3. From a file-like object.
```python

from lexpy.trie import Trie

# Either
trie.add_all('/path/to/file.txt')

# Or
with open('/path/to/file.txt', 'r') as infile:
     trie.add_all(infile)

```

## Search

1. Check if exists using the `in` operator

```python
print('ampyx' in trie)
True
```

2. Prefix search

```python
print(trie.search_with_prefix('ab'))
['abhor', 'abuzz']
```

3. Wildcard search using `?` and `*`

`?` = 0 or 1 occurance of any character

`*` = 0 or more occurance of any character

```python
print(trie.search('a*o*'))
['amato', 'abhor', 'aneto', 'arrow', 'agony', 'acorn']

print(trie.search('su?t'))
['suit']
```

4. Search for similar words using the notion of Levenstien Distance(LD)

```python
print(trie.search_within_distance('arie', dist=2))
['athie', 'arbil', 'auric']
```

# Directed Acyclic Word Graph (DAWG)

>DAWG supports the same set of operations as a Trie. The difference is the number of nodes in a DAWG is always
less than or equal to the number of nodes in Trie. They both are Deterministic Finite State Automata. 
However, DAWG is a minimized version of the Trie DFA.
In a Trie, prefix redundancy is removed.
In a DAWG, both prefix and suffix redundancies are removed.
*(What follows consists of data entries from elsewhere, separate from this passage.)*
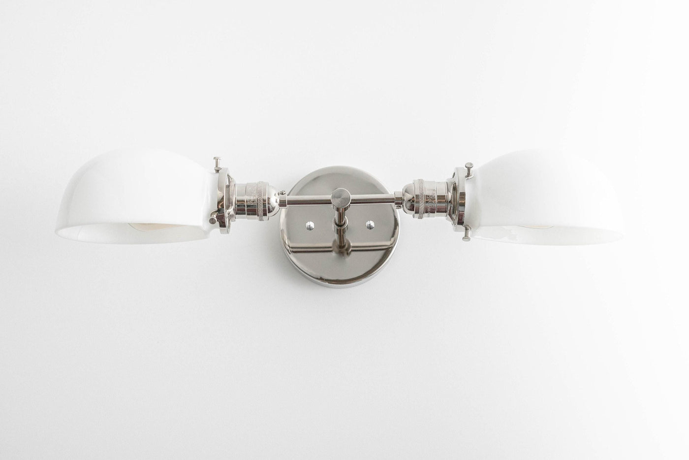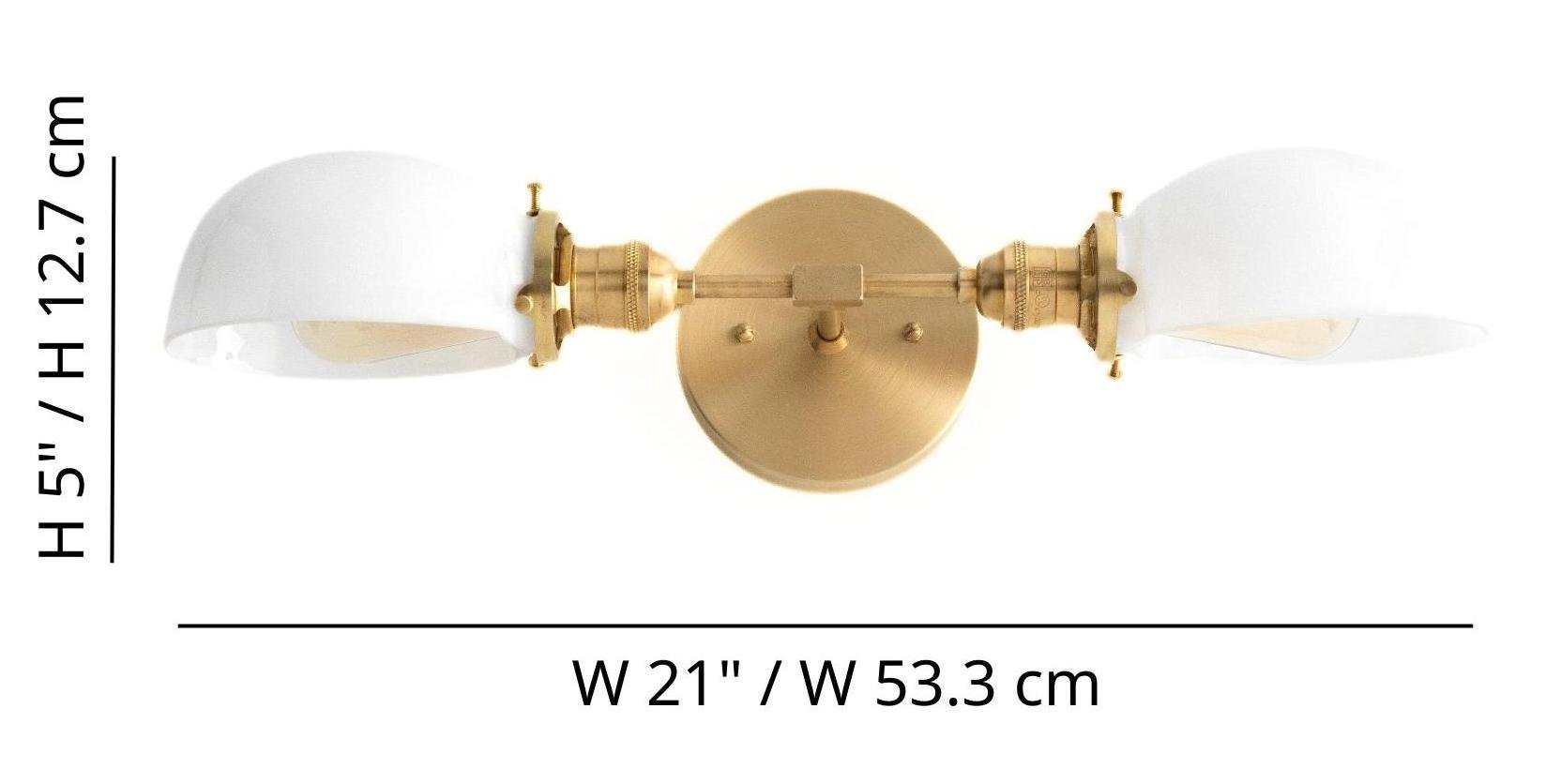 Ornato Luxe Mid-Century Vanity Light - Brass Bathroom Fixture with Opal Glass - 2 Heads: 21″ / 53.3 cm / Raw Brass / White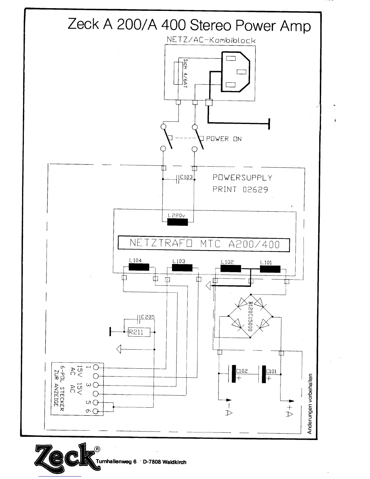 Zeck Audio A200 - Power Supply Section; AC Input and Power Supply Schematic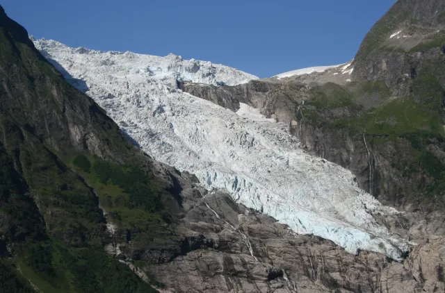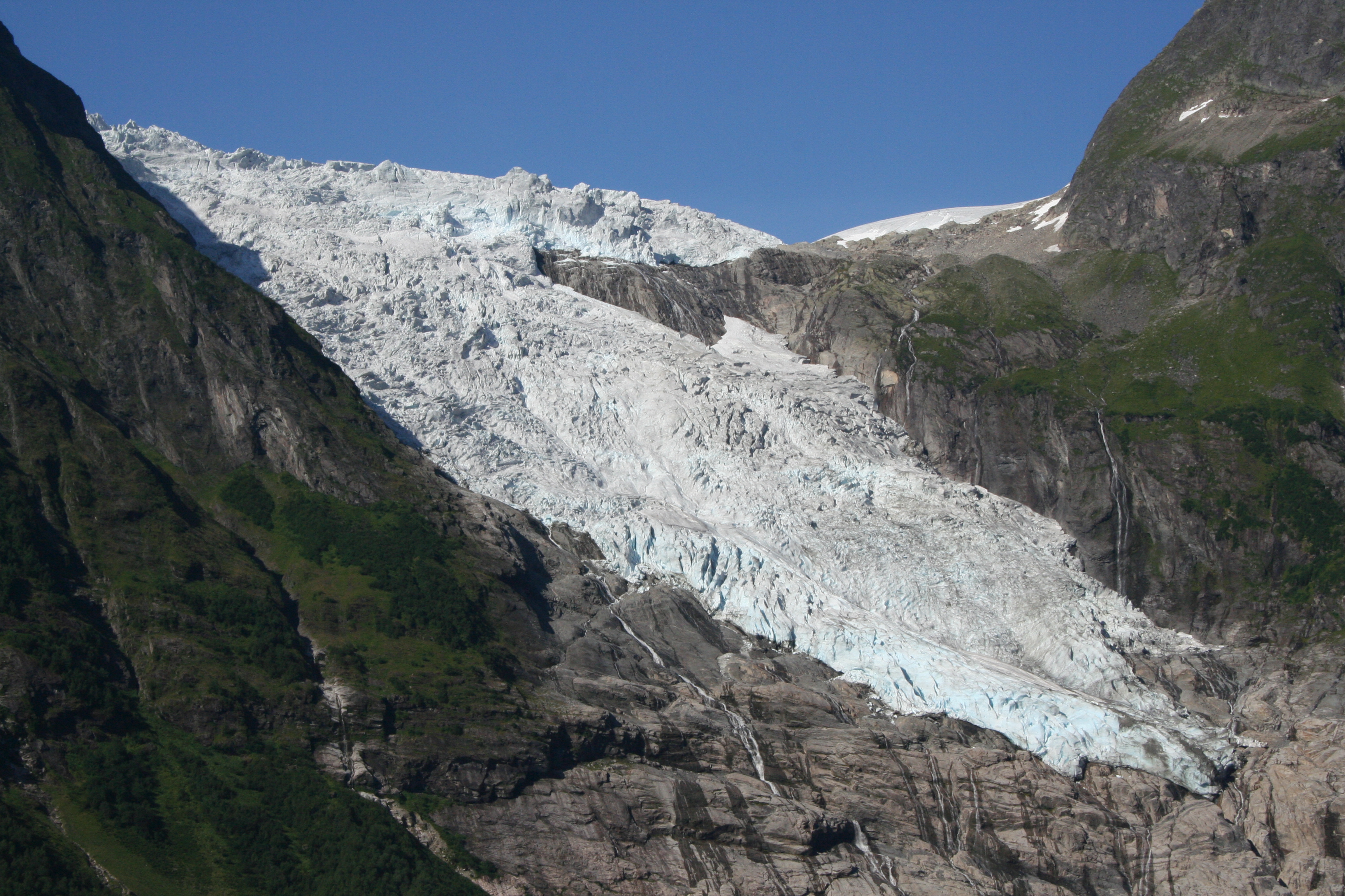 Det er stor enighet om at klimaendringer er en viktig årsak til at enkelte humlearter er på tilbakegang. Bildet viser nedsmelting av Bøyabreen i Sogn og Fjordane.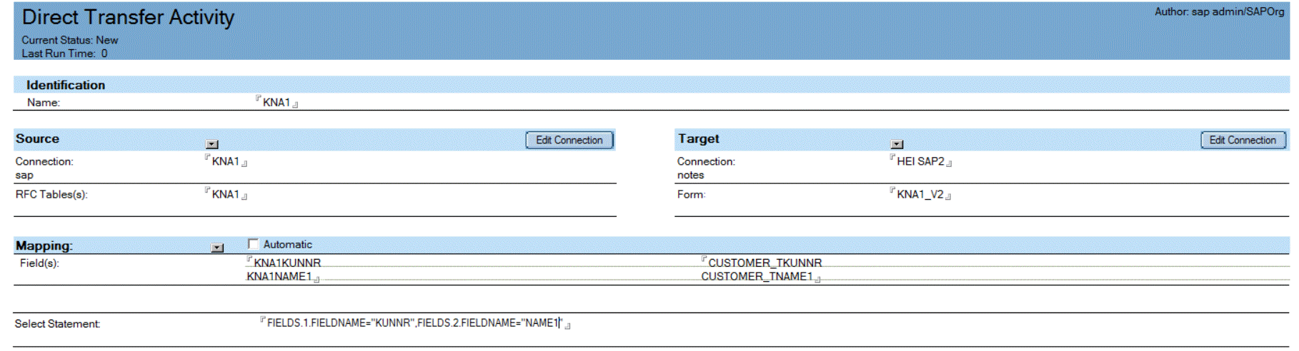 - Create a new Direct Transfer activity, and select your SAP connection document as the data Source.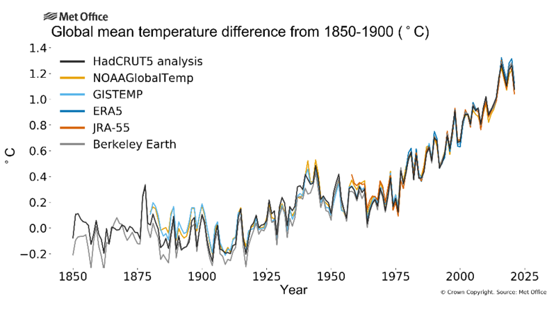 世界气象组织声称,“创纪录的”大气温室气体浓度和热量积累已经将地球“推向未知的领域”,并将对今世和后代“产生深远的影响”。据报告统计数据显示,2021年全球平均气温(1月至9月)较1850至1900年高出约1.09摄氏度,目前被世界气象组织列为全球有记录以来第六个或第七个最温暖的年份。该报告称,2020年全球温室气体浓度已达到新高,二氧化碳、甲烷和氧化亚氮的浓度分别比工业化前高出149%、262%和123%,而这种增长在2021年仍在继续。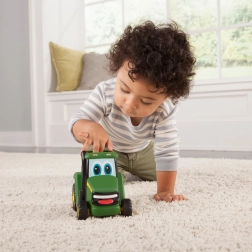 Ten uroczy traktor to świetny prezent dla przedszkolaków i wszystkich dzieci, które kochają maszyny JOHN DEERE i dynamiczną zabawę.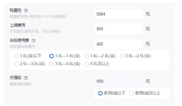 长安CS85 COUPE无论是通过分期的方式购买,还是通过全款的方式购买,必须花费的费用6954元,有车辆的购置税5084元,上牌费用500元左右,车船使用税420元,交强险950元。
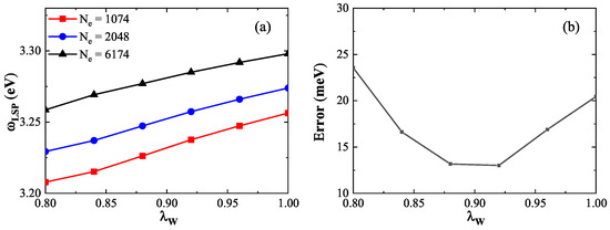 (a) LSP energy as a function of the coefficient for nanospheres with 1074 (red squares line), 2048 (blue circles line), and 6174 (black triangles line) electrons. All exhibit linear increases in LSP energy with increasing . (b) Average error in LSP energy (relative to TDDFT results) for the three nanospheres. The minimum error occurs near .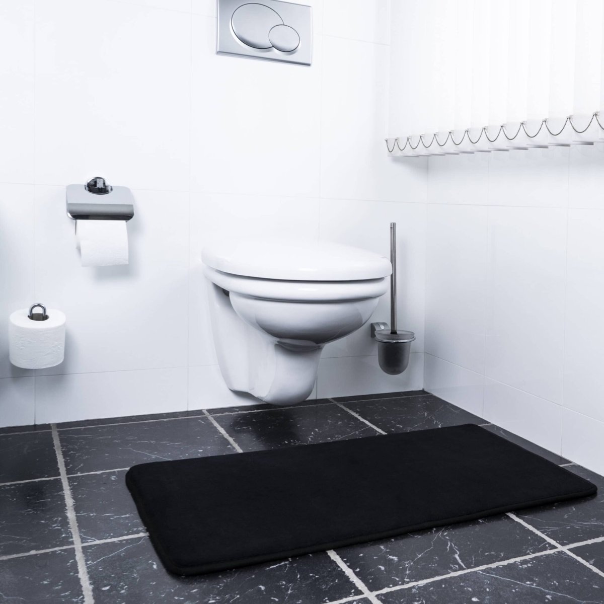 Houd je voeten warm op koude, gladde vloeren in badkamers, wasruimtes en daarbuiten met deze opvallende badkamer accessoire. Deze zwarte badmat heeft een rechthoekige vorm dat een statement maakt in je ruimte en een heerlijke plek om te landen als je de hitte uit de douche of het bad verlaat. Je vergroot hierdoor het comfort in de badkamer en geniet vooral tijdens de koudste maanden van het jaar van aangename warmte voor je voeten. De zwarte badmat is lekker zacht en voelt na het uitstappen uit je douche of bad meteen lekker aan.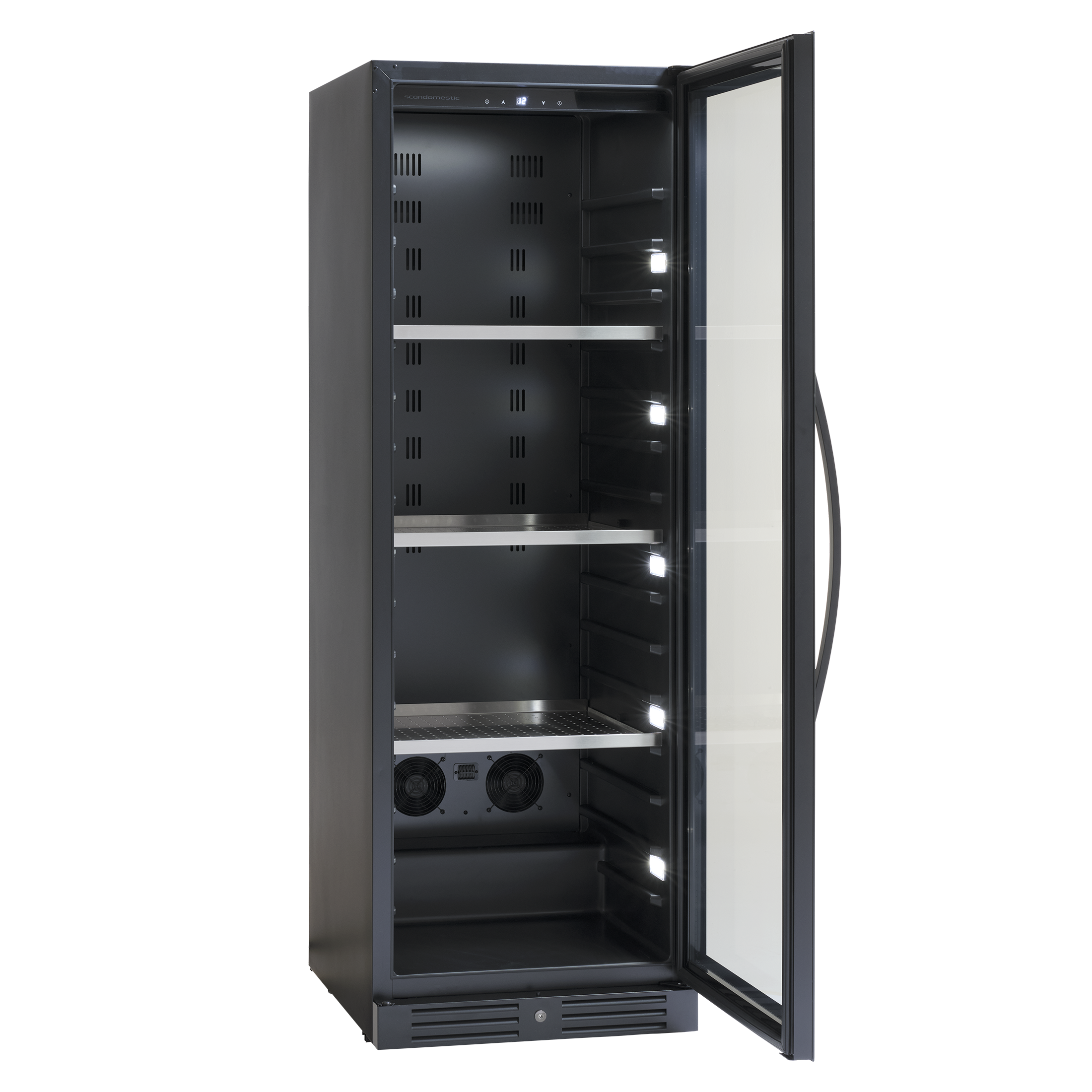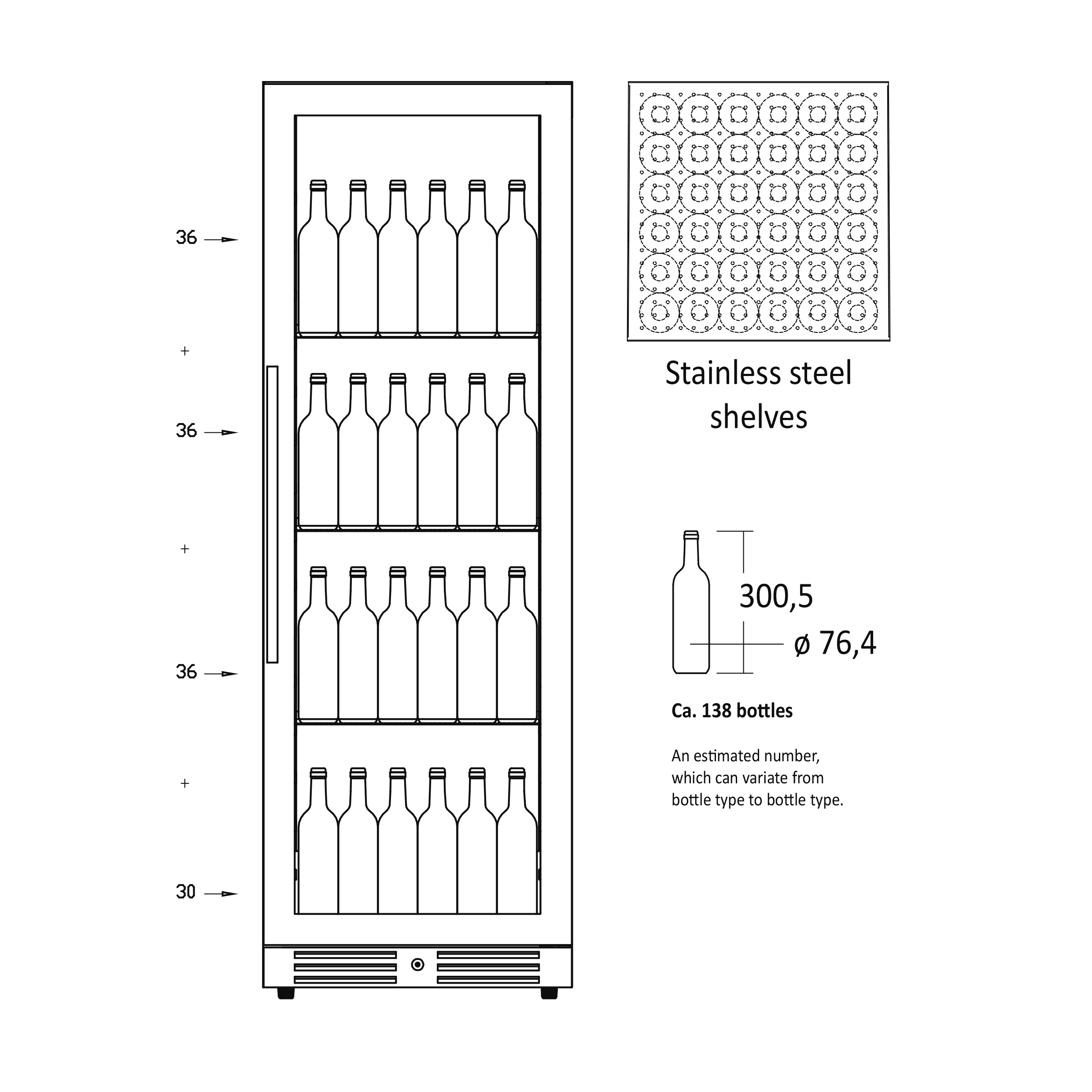 Musta runko ja kehyksetön lasiovi lukolla antavat kaapille modernin ja ammattimaisen ilmeen. Viinit säilytetään kolmella tukevalla teräshyllyllä pystyasennossa, mikä tekee etiketeistä helposti näkyviä ja nopeuttaa tarjoilua. Oikealle saranoitu ovi on käännettävissä, joten kaappi on helppo sovittaa eri tiloihin.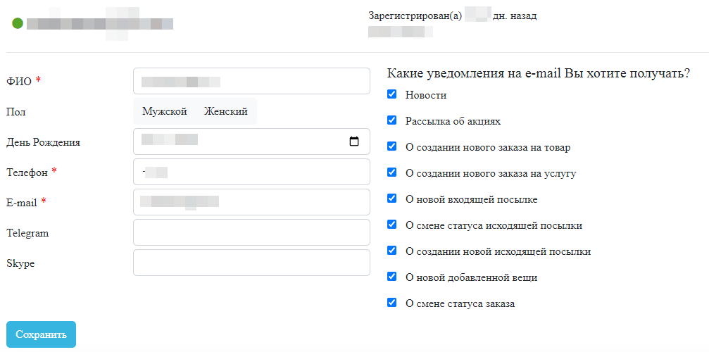 Перед вами поля, в которых мы предлагаем заполнить ваши персональные данные*. Эта информация поможет нам вовремя связаться с вами в случае возникновения затруднений.* - мы не передаем персональные данные третьим лицам, за исключением оказания услуг в целях доставки ваших посылок (например, адрес для Почты России). Пользуясь сервисом Посылатор, вы автоматически соглашаетесь с обработкой своих данных в соответствии с Федеральным Законом №152 "О персональных данных". Дополнительную информацию можно найти в разделе "Договор" и "Пользовательское соглашение" в вашем Личном кабинете. Обязательные для заполнения поля: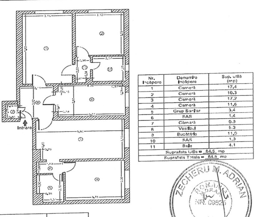 La prima vedere, ai putea crede ca sunt doua apartamente intr-unul singur – si nu ai gresi prea mult. In stanga si in dreapta bucatariei sunt cate doua camere si o baie, ca doua locuinte separate care impart doar bucataria. E o solutie ideala pentru doua familii care vor sa fie aproape, dar totusi independente. Sau pentru parinti si copii adulti care locuiesc impreuna. (Iar cadastrul reflecta exact aceasta compartimentare.)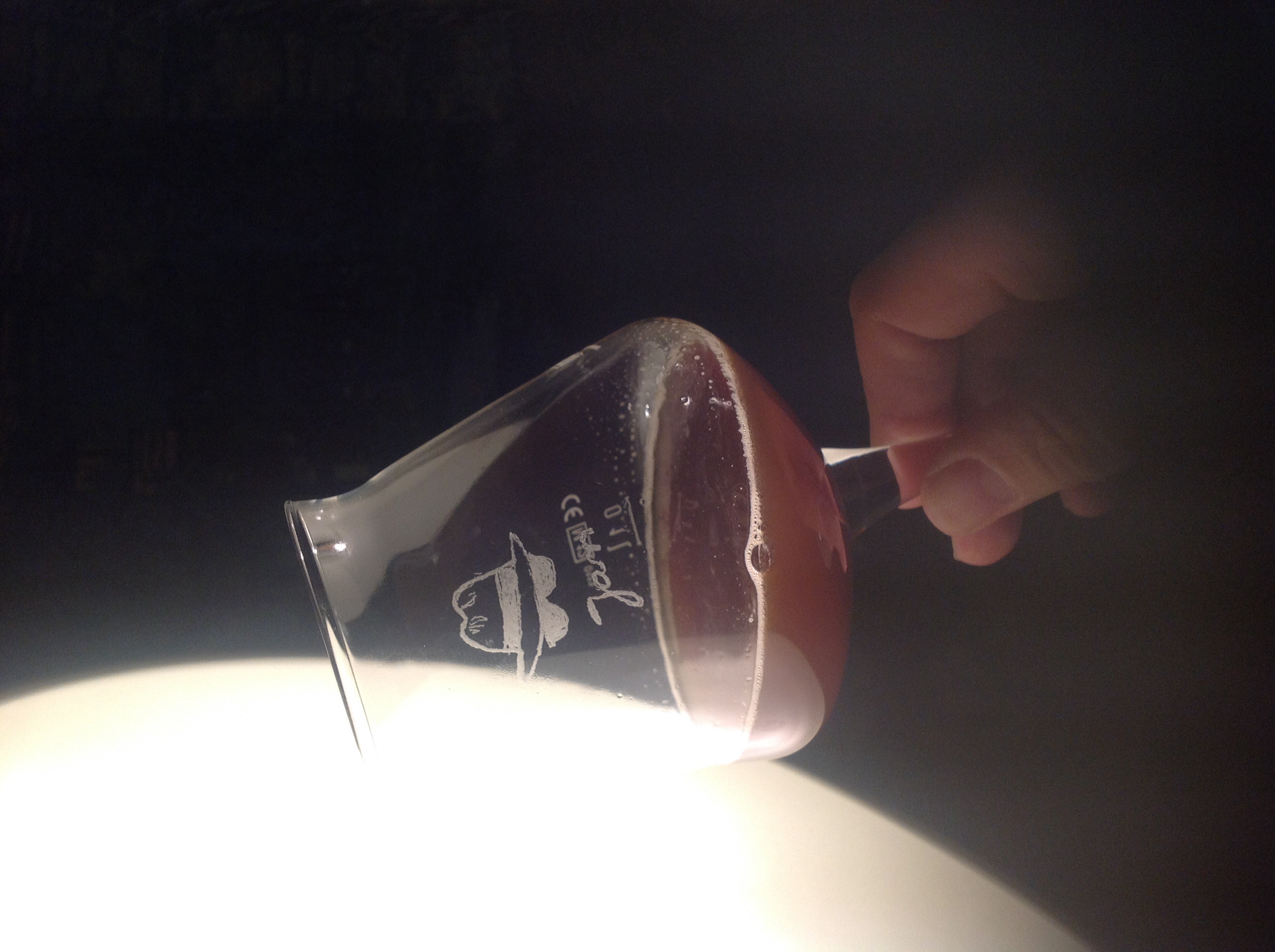 Die Farbe passt schon mal. Der Geschmack entwickelt sich auch gut, obwohl natürlich noch die Menge an Hopfen mächtig Platz macht. Ist ja aber auch noch nicht fertig

In the current implementation of DAWG, the insertion order of the words should be **alphabetical**.


```python
from lexpy.trie import Trie
from lexpy.dawg import DAWG

trie = Trie()
trie.add_all(['advantageous', 'courageous'])

dawg = DAWG()
dawg.add_all(['advantageous', 'courageous'])

len(trie) # Number of Nodes in Trie
23

dawg.reduce() # Perform DFA minimization. Call this every time a chunk of words are uploaded in DAWG.

len(dawg) # Number of nodes in DAWG
16

```


*Fun Facts* :
1. The 45-letter word pneumonoultramicroscopicsilicovolcanoconiosis is the longest English word that appears in a major dictionary.
So for all english words, the search time is bounded by O(45). 
2. The longest technical word(not in dictionary) is the name of a protein called as [titin](https://en.wikipedia.org/wiki/Titin). It has 189,819
letters and it is disputed whether it is a word.